Традиционная письменность мудрых невысоко ставит веселье и смех. И всё же в поисках смысла жизни Екклесиаст решил попробовать и этот путь, но, как видно, без особого успеха (ст. 1 – 2). Возможно, поняв всю бесполезность служебной суеты, он действительно хотел забыться в шумном веселии, но склонный к размышлениям и к беспощадному анализу ум, как видно, не позволил ему целиком погрузиться в то, что представлялось пустым и бессмысленным.
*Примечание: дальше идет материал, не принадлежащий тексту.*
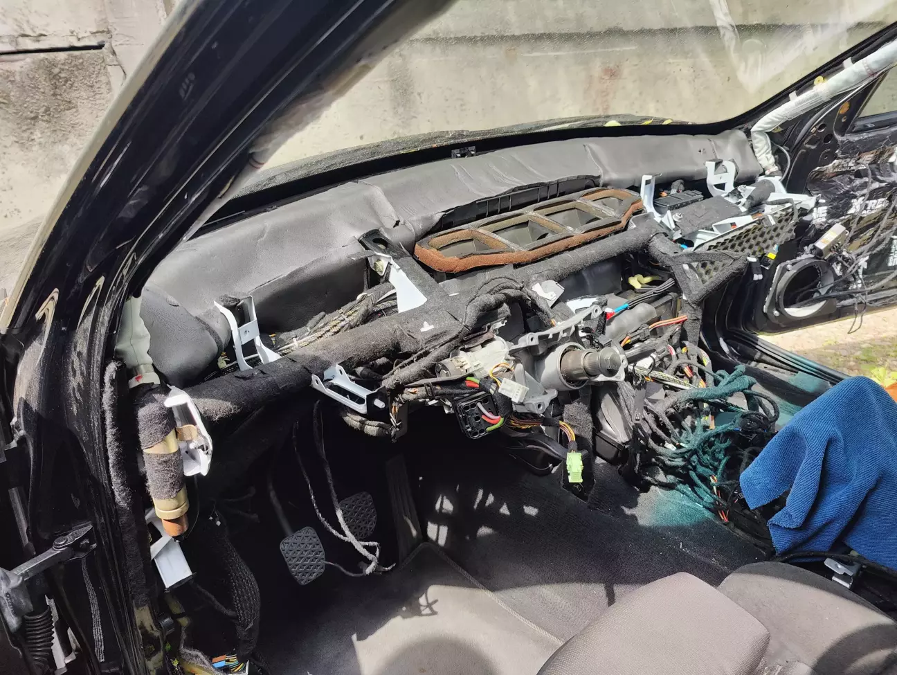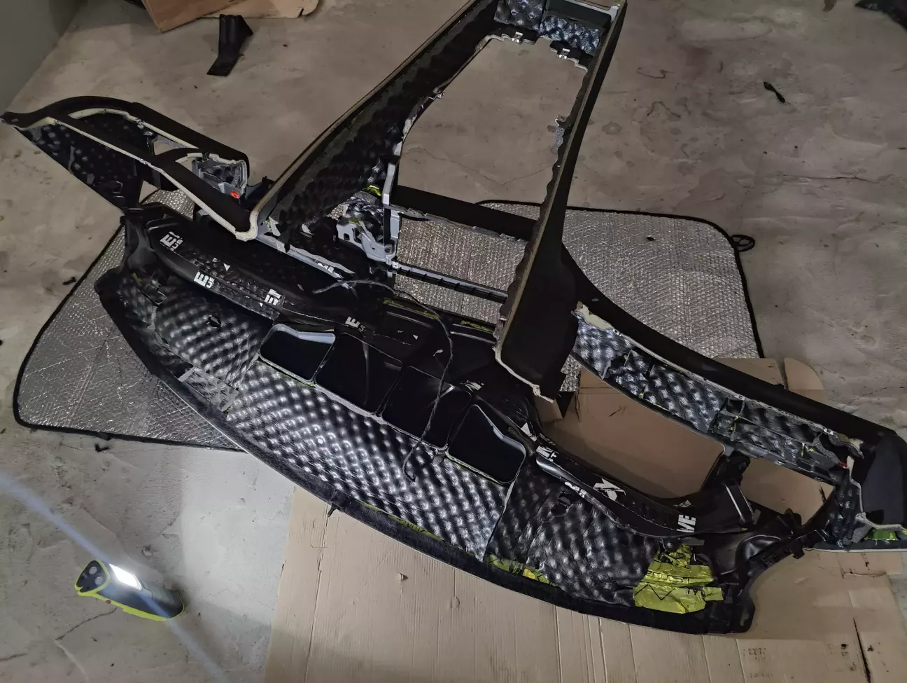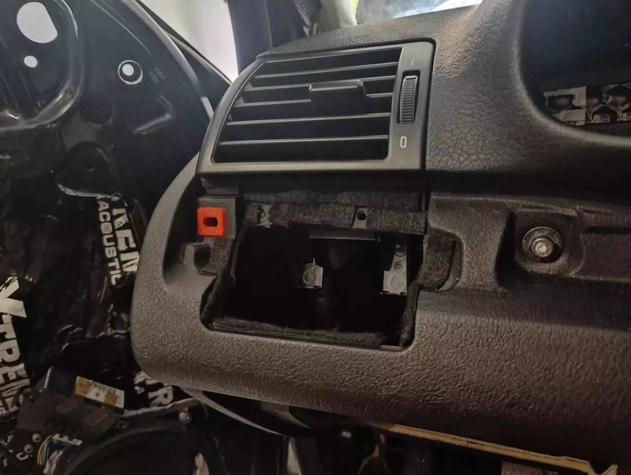 Потім мені стало нудно, було багато чого розібрано уже, і я зняв торпедо. Все обробив аналогічно (вібра, хвиля). А зі сторони кузову положив ще пару листків шумки Soft 6, що вдало знайшлась по місцю, бо замахало в 4 раз доставки платити). Загалом було б ефективно і круто зняти пічку, та все інше, прибрати заводський матеріал і повноцінно ізолювати моторний щит – але мені було чесно лінь лізти так глибоко, бо треба відкачувати фреон. Думаю моя робота дасть своє так чи інакше, та й все ж у Е46 то не слабке місце. Отже, обробив там все що можна, трохи обклеїв повітроводи, бо були вони дуже розхлябаними. Антискрип теж скрізь.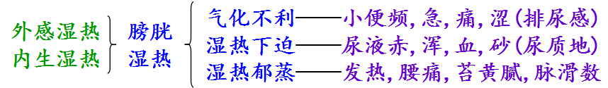 膀胱湿热 | 湿热 | 膀胱 | 发热、苔黄腻 腰痛、脉滑数 | 感受湿热 蕴结膀胱 |

По-видимому, Екклесиаст был не из тех, кто видит разрешение мировоззренческих проблем в том, чтобы не задаваться вопросами, мешающими наслаждаться жизнью. Желая, как видно, испытать всё, он даже попробовал найти утешение в вине, но, поскольку речь шла не о стремлении забыться, а о своего рода эксперименте, вино, как и следовало ожидать, не только не решило никаких проблем, но даже не позволило забыть о них (ст. 3). И тогда попытки забыть о проблемах сменились попытками их разрешения. Если ничего нельзя изменить в большом мире, то, быть может, возможно обустроить хотя бы свой собственный дом, создать свой собственный мир, устроенный разумно и в соответствии с Торой?
Мало у кого были такие возможности обустроить свой собственный дом, как у Екклесиаста, и он, как видно, отнюдь ими не пренебрегал: дом получился таким, каким хозяин хотел его видеть, и в какой-то момент ему показалось, что долгие поиски смысла жизни увенчались успехом (ст. 4 – 10). Но иллюзия счастья продлилась недолго, очень скоро наступило отрезвление (ст. 11). Всякий человек смертен, и мудрый, при всей своей мудрости, умирает так же, как и глупец (ст. 12 – 16).
Такой пессимизм станет вполне понятен, если вспомнить, что представление о посмертной участи в раннем иудаизме не очень отличалось от того, что было у соседних народов: жизнь каждого оканчивалась в мире теней, который по-еврейски называется «шеол», где все равны потому, что каждый обращается в тень, влачащую существование, которое уже нельзя назвать жизнью. Мёртвые не помнят о мире живых, у них не сохраняется памяти даже о собственной жизни, а живые быстро забывают прошедшие поколения и их дела. Единственной надеждой была надежда на воскресение и на мессианское Царство, но мессианская перспектива во времена Екклесиаста казалась слишком далёкой, чтобы всерьёз на неё надеяться. Шеол же отнюдь не воодушевлял. Неудивительно, что жизнь, терявшая всякий смысл и всякую перспективу, казалась Екклесиасту ненавистной (ст. 17).
И дело не только в том, что, уходя в шеол, человек оставляет плоды своего труда на произвол судьбы: ведь неизвестно, как распорядятся наследники умершего доставшимся им наследством (ст. 18 – 21). Дело, прежде всего, в том, что, как открылось Екклесиасту, даже та радость, которую получает человек, наслаждаясь плодами своего труда, в сущности, от него не зависит. Сам труд приносит лишь утомление и беспокойство, а радость даёт Бог, и только от Него зависит, сможет ли человек получить наслаждение от своего труда (ст. 22 – 26).